The core benefits of a revocable trust are similar in both places. Revocable trusts are flexible in both states. You keep control while living and can change terms at any time. At passing, the trust typically guides management and distribution without court probate. That core idea is the same whether the trust sits in Providence or Reno. The differences show up later—when the trust is irrevocable, generating income, or spanning generations. 

What’s Different About Revocable Trusts in Rhode Island Versus Nevada?

One big difference is that Rhode Island has a state income tax. Trusts with Rhode Island income or resident status may need to file RI-1041 and pay tax on Rhode Island–source income. Nonresident trusts file if they have Rhode Island–source income. Nevada does not impose a state income tax. Nevada-situs trusts therefore avoid a state-level income tax, though other states can still tax based on connections to them. 
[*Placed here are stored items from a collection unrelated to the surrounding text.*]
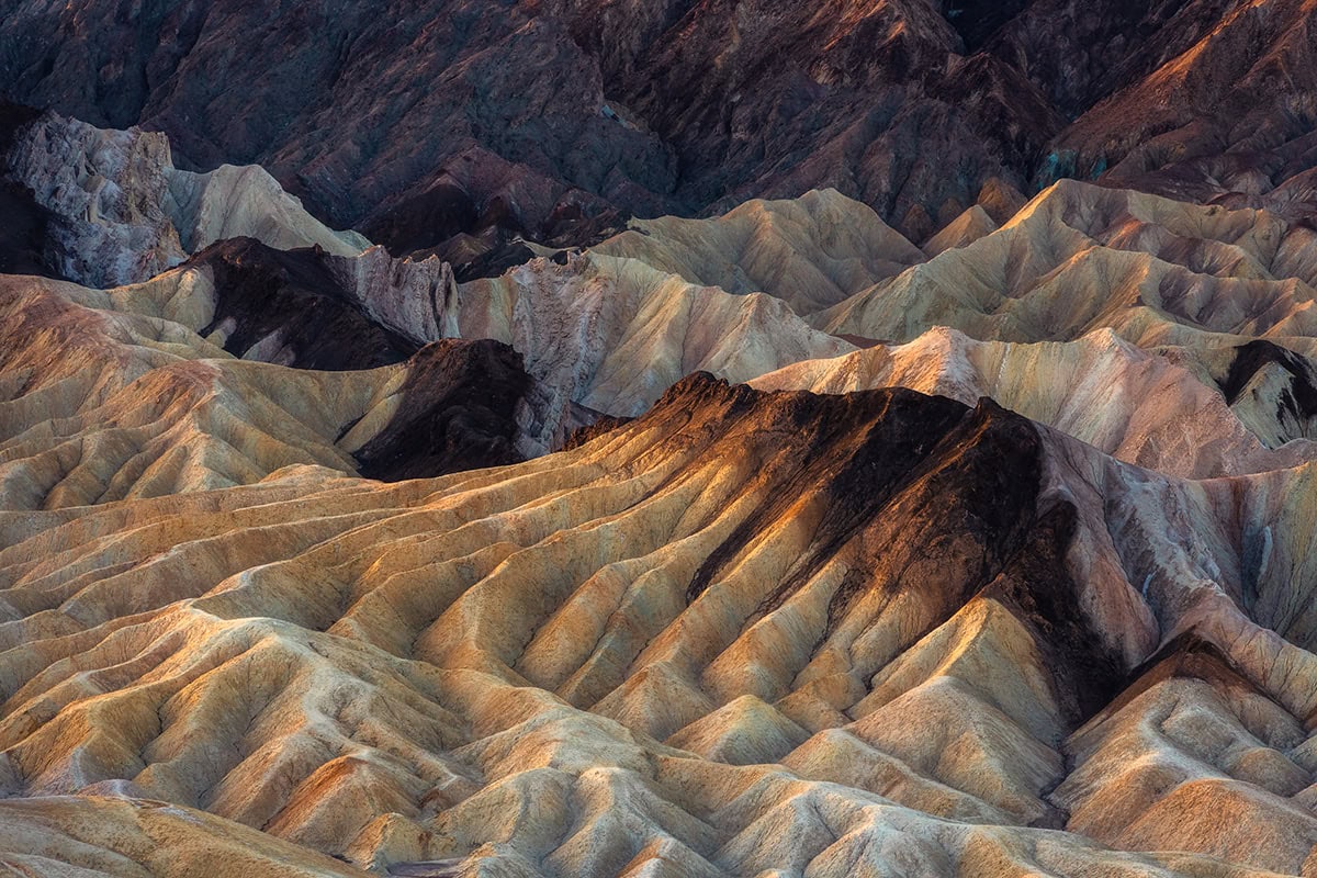 Acceptez les imperfections dans la photographie de paysage et restez à l'affût des motifs, des textures et des formes que d'autres pourraient ignorer. Parfois, le charme réside dans l'irrégularité, qui peut donner du caractère à vos images. Prenez ces tuiles de boue fissurées que j'ai photographiées dans le parc national de la Vallée de la mort. J'ai aimé le fait qu'elles soient toutes de tailles différentes, comme un puzzle qui s'emboîte, et qu'elles donnent l'impression d'être désordonnées sur les bords. Tout ne doit pas nécessairement être symétrique et impeccable.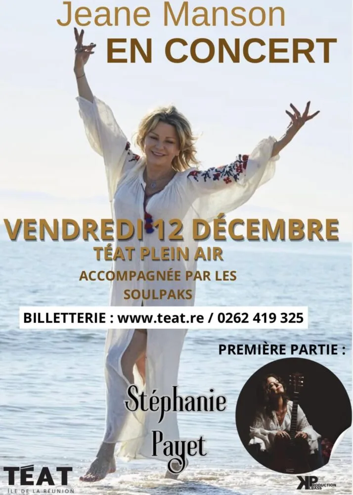 Ce retour intervient à quelques jours d’un événement culturel majeur : un spectacle inédit programmé ce vendredi 12 décembre au Téat Plein Air de Saint-Gilles. Pensé comme un voyage musical entre souvenirs et grandes mélodies, le concert réunira Jeane Manson et le groupe Les Soulpaks, pour une soirée qui mêlera élégance, énergie et émotions. Les arrangements revisités, portés par la couleur soul des musiciens, offriront une nouvelle lecture de son répertoire.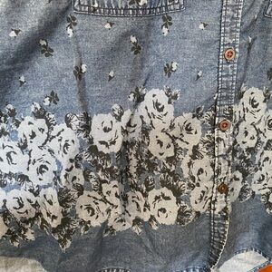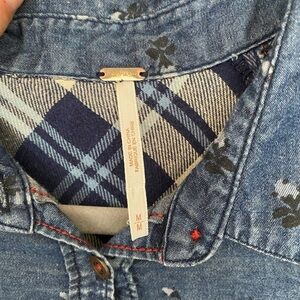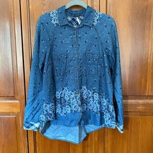 EUC Dottie Over You button front chambray shirt from Free People in a size Medium. This shirt has a floral pattern on the front and back with a plaid inset detail on the back. Slightly longer length in the back. No stains or flaws!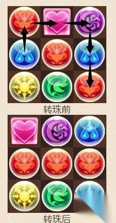3、若同色珠子三颗呈斜向摆放,选取靠近火珠的任意一颗珠子,按顺时针或逆时针方向旋转大半圈即可。此次我挑选的是火珠下方的一颗水珠,从最短路程考虑,应选择顺时针旋转,转到右下角,这样三颗斜排的火珠就能达成三连消除。需留意的是,要依据自身需求与整体布局,挑选适合自己的起始珠子。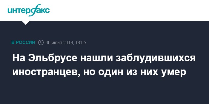 Москва. 30 июня. INTERFAX.RU - Во время спуска с Эльбруса скончался один из ирландцев, сбившихся с маршрута, сообщил в воскресенье "Интерфаксу" информированный источник.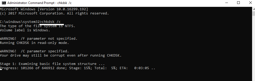 Сломанный жесткий диск также может вызвать ошибку HAL_INITIALIZATION_FAILED на вашем компьютере. Следовательно, вам нужно проверить свой жесткий диск. Для этого вам нужно запустить команду chkdsk. Эта команда сканирует раздел жесткого диска компьютера.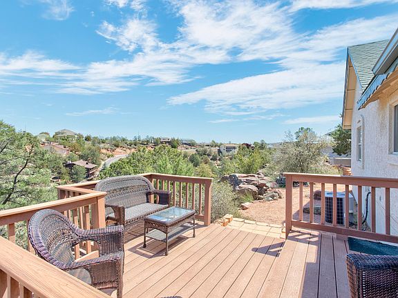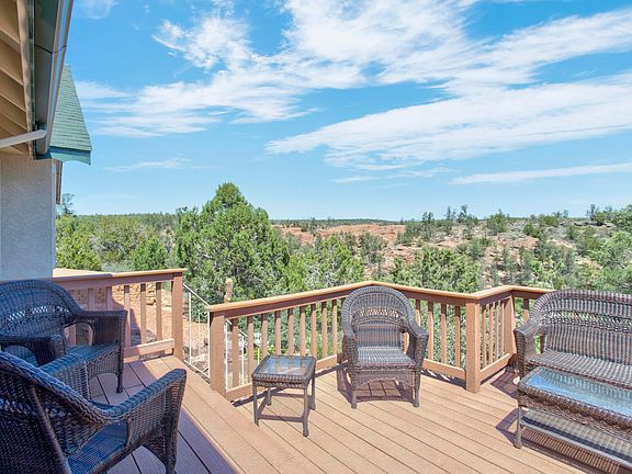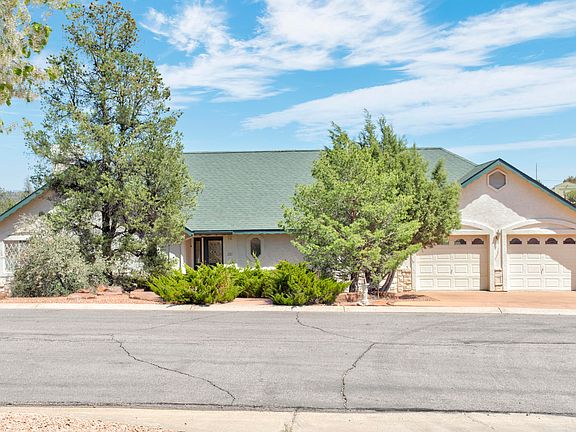 At the end of the street, adjacent to the national forest and hovering over a Sedona like red rock canyon, and you have this home. It is the last house on the street, with the national forest just past the house, and a red rock canyon behind it. The deck overlooks the canyon for some intimate dinners or a glorious breakfast. The floor plan allows for constant views of the canyon out the windows., as do the dining and kitchen areas. No carpeting for reduced allergen concerns. Extra size on the garage, and large RV parking on both sides of the house. Come and look at the secluded feel of this location, with easy access to the public golf course and Green Valley Park. The national forest is less than a mile away for trail access. This is an ideal location for fun in the sun.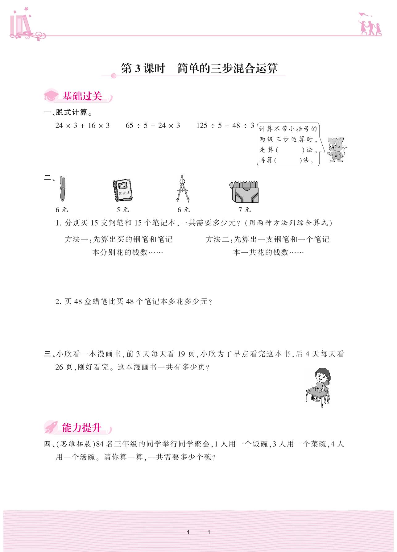 2020上册三年级数学冀教版 五 四则混合运算(一)——第3课时 简单的三步混合运算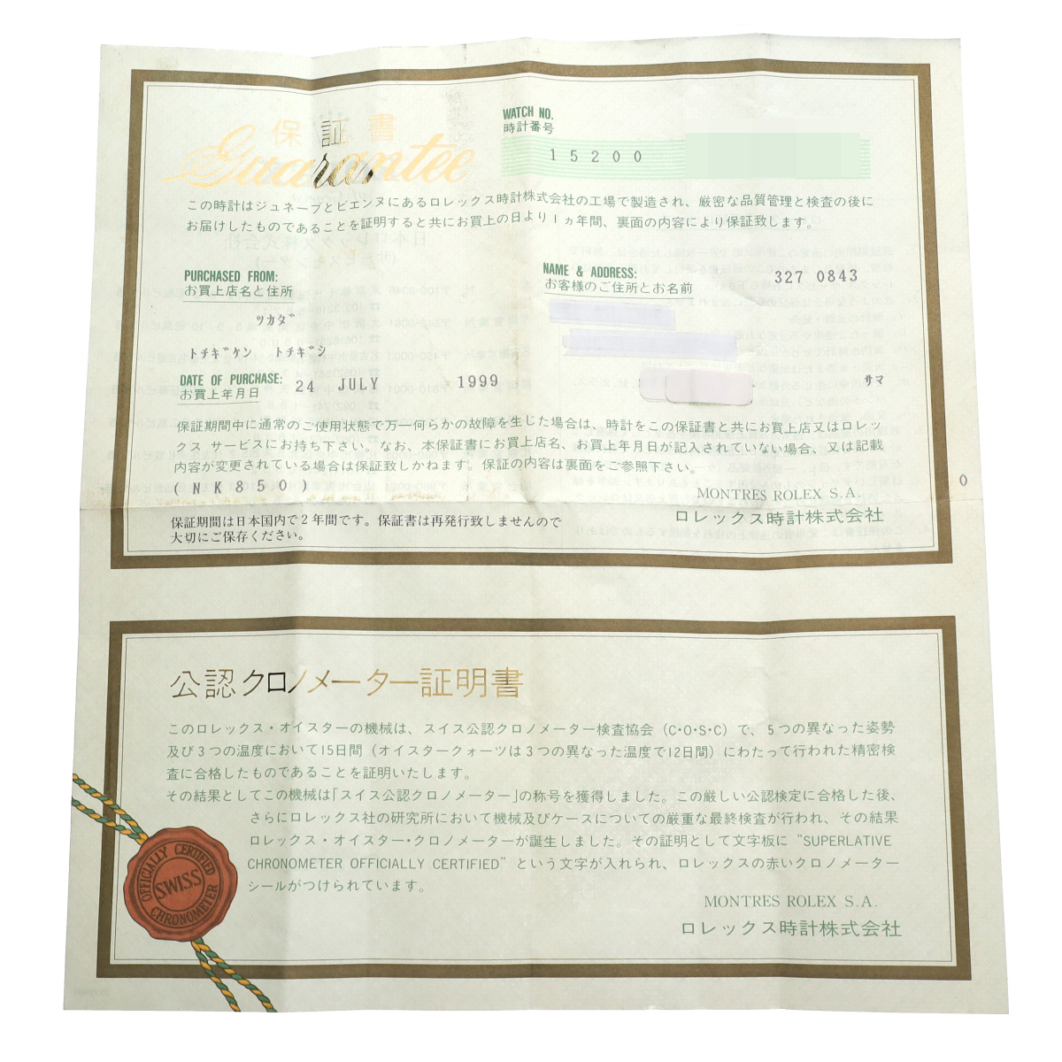- メーカー保証書( 1999年7月国内購入)

Another contrast between the two states is how they handle duration. Rhode Island abolished the common-law rule against perpetuities. This allows very long-term or even perpetual trusts—but only for trusts drafted specifically that way. Nevada adopted a statutory approach. All future interests can remain unvested for up to 365 years under NRS 111.1031. That long window supports “dynasty” planning across many generations.

Directed Trusts and Decanting

Nevada stands out for directed trusts. Its statutes define trust advisers and protectors, describe when a trustee is a “directed fiduciary,” and limit the directed trustee’s liability when following an adviser’s instructions. This lets families split roles for investments, distributions, and administration. 

Both states permit “decanting,” which is the statutory power to move assets from one irrevocable trust to a new trust with updated terms. Nevada’s decanting is in NRS 163.556. Rhode Island’s decanting appears at R.I. Gen. Laws § 18-4-31. These tools help refresh older trusts without starting from scratch. 

More on Estate Tax

Again, Rhode Island has a separate state estate tax with an inflation-indexed threshold (although no inheritance tax). For 2025, the estate tax threshold is $1,802,431, published each December by the Division of Taxation. Nevada has no state estate or inheritance tax. This backdrop matters when estimating potential transfer costs for larger estates. 

Situs for Revocable Trusts in Rhode Island Versus Nevada

Situs is where a trust is legally based. With revocable trusts in Rhode Island versus Nevada, the differences lie with income taxation, court supervision, trustee options, and how easily you can use advisers or protectors. Nevada’s directed-trust framework and no-income-tax regime are attractive to some families. Rhode Island’s local connection can be useful for trusts centered on Rhode Island real estate, businesses, or beneficiaries.